Pensei, “cumcaraças, que faço agora? Também não estou a gritar de dores para acordar o maisquetudo e irmos a correr para o hospital” e assim foi. Fui me deitar e com o telemovel lá ia contando os minutos que espaçavam as dores. Sei que não dormi nada e sei também que quando o maisquetudo acordou disse-lhe “acho que estou com contracções há imensas horas, só que agora estão mais intensas e com menos espaço entre elas. Acho melhor irmos ao hospital.” e assim foi.
12h00 estava nas urgências do Hospital São Francisco Xavier. As urgências da obstetrícia não estavam com muita gente pelo que fui rapidamente atendida. Quando entrei, fizeram o toque (maldito toque, a primeira vez que me fizeram não doeu, mas quando foi a segunda, até vi estrelas, juro que sim!) e mandaram-me fazer um CTG. Ora bem, para quem não sabe o CTG detecta o ritmo cardíaco do bebé e também as contracções que a mãe sente. Apesar de me ter contorcido com dores para aí umas 3 vezes em 30 minutos, a máquina não detectou nada. O médico claro, perante isto só podia ter dito “pois a máquina não detectou nenhuma contracção. Olhe vá para casa, vá andar, que isto ainda está demorado” e eu disse “Mas Dr. estou com dores (ai filha ainda não sabias tu o que eram dores) e vai me mandar embora assim? olhe que isto vai continuar e daqui a pouco estou cá outra vez?” ele responde “Pois…se doer mais, volte.”

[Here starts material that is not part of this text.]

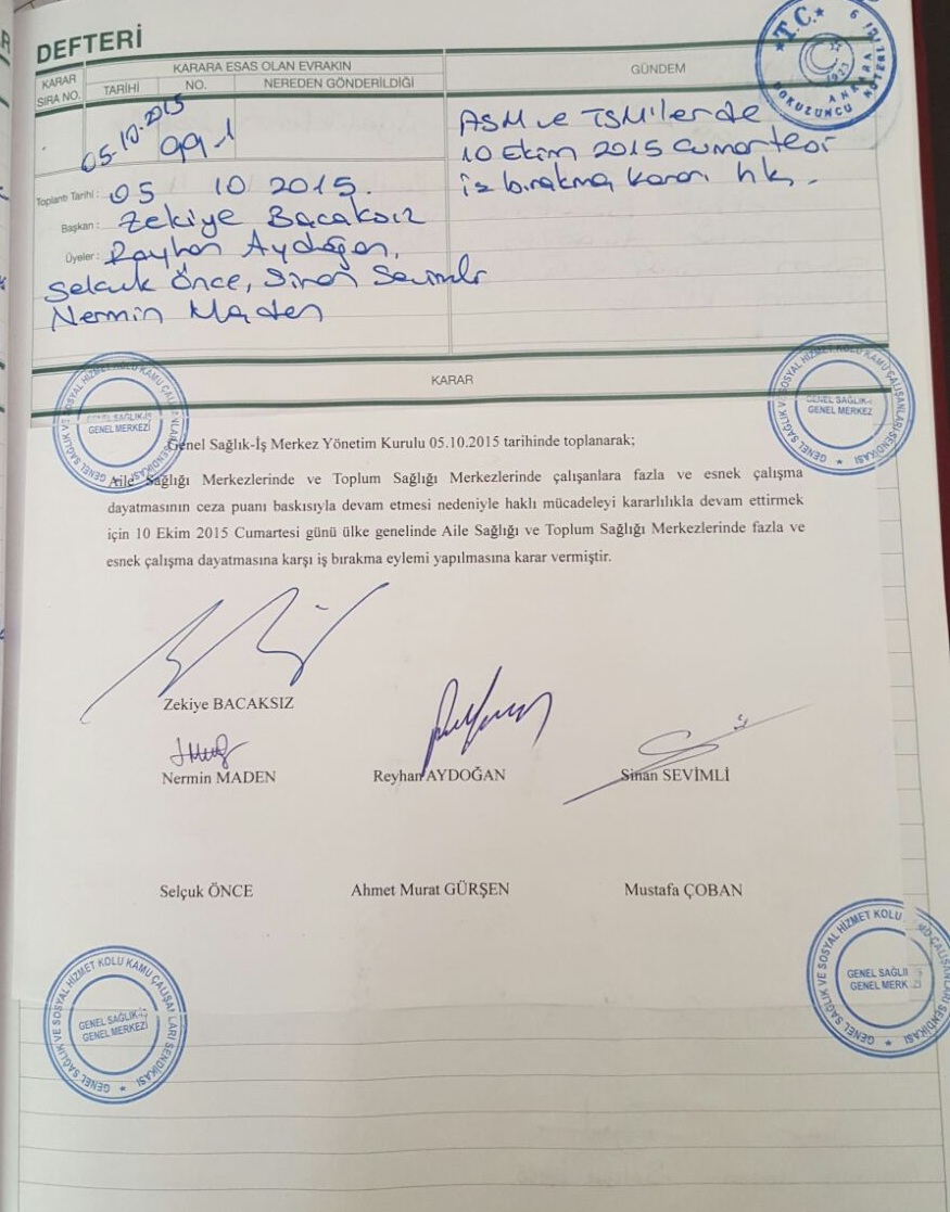 Genel Sağlık- İş Merkez Yönetim Kurulu olarak, 05.10.2015 tarihli kararı ile Aile Sağlığı Merkezlerinde ve Toplum Sağlığı Merkezlerinde çalışanlara fazla ve esnek çalışma dayatmasının ceza puanı baskısıyla devam etmesi nedeniyle haklı mücadeleyi kararlılıkla devam ettirmek için 10 Ekim 2015 Cumartesi günü ülke genelinde Aile Sağlığı ve Toplum Sağlığı Merkezlerinde fazla ve esnek çalışma dayatmasına karşı iş bırakma eylemi yapılmasına karar verilmiştir.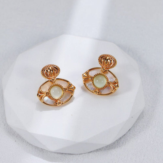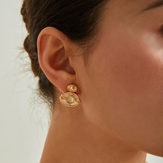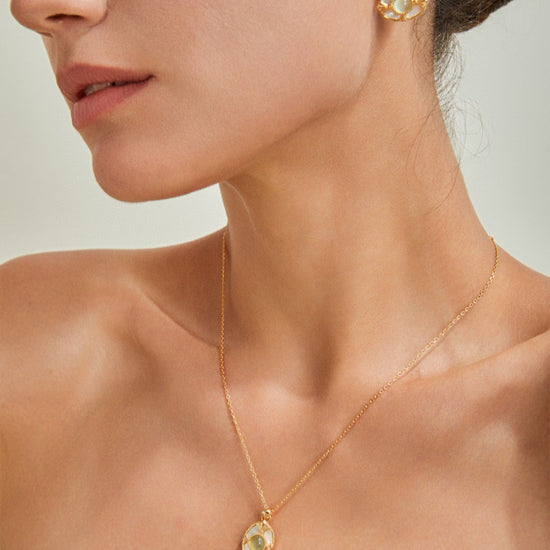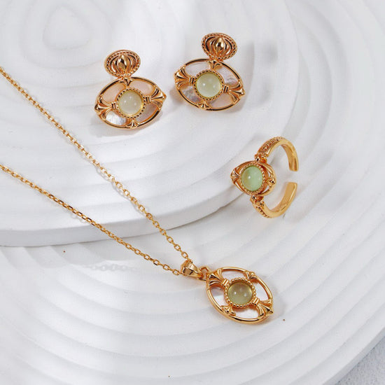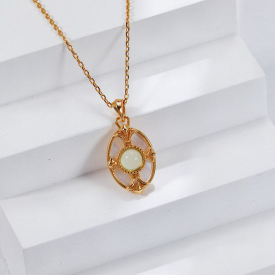 This exquisite necklace combines the natural beauty of grape chalcedony and mother-of-pearl with a vintage gold finish, creating a unique and elegant accessory. Perfect for adding a touch of sophistication to any outfit, it’s ideal for both casual and formal occasions.

Saí dali cheia de raiva e com dores. Mas é suposto sofrer quanto tempo? É suposto isto durar quanto tempo? Não há maneira de induzir? Pois bem, hoje percebo que me mandaram embora para tudo ser natural. Fomos então amenizar a dor para a pastelaria Careca, enfardei uns croissants e uns palmiers mas a dor mesmo assim não passou.
23h00. As dores continuavam, o maisquetudo não me aguentou ver assim e insistiu para irmos para as urgências. Lá fomos nós. Toque outra vez, CTG e a médica “Oh filha, ainda tem pouca dilatação. Tem de ir para casa e volte daqui a 5 ou 6 horas.” Isto depois de eu ter barafustado e ela até ter de me fazer um desenho para me explicar o porquê de me mandar embora.
Dia 31 de Março
3h00 da manhã. Disse ao maisquetudo “algum de nós vai ter de descansar, eu fico na sala, vai tu dormir”. Puxei do puf pus-me em cima dele de joelhos e a cabeça no sofá, foi uma posição que tinha na cabeça de um cartaz que tinha visto na sala do CTG. Aliviava mais do que estar em pé ou sentada mas, não o suficiente para não chorar cada vez que vinha uma. Já contava contracções de 10m em 10m e isto assim até às 8h da manhã. Tinha a cabeça pesada estava cheia de sono e não conseguia imaginar ir outra vez para as urgências e mandaram-me embora mais uma vez.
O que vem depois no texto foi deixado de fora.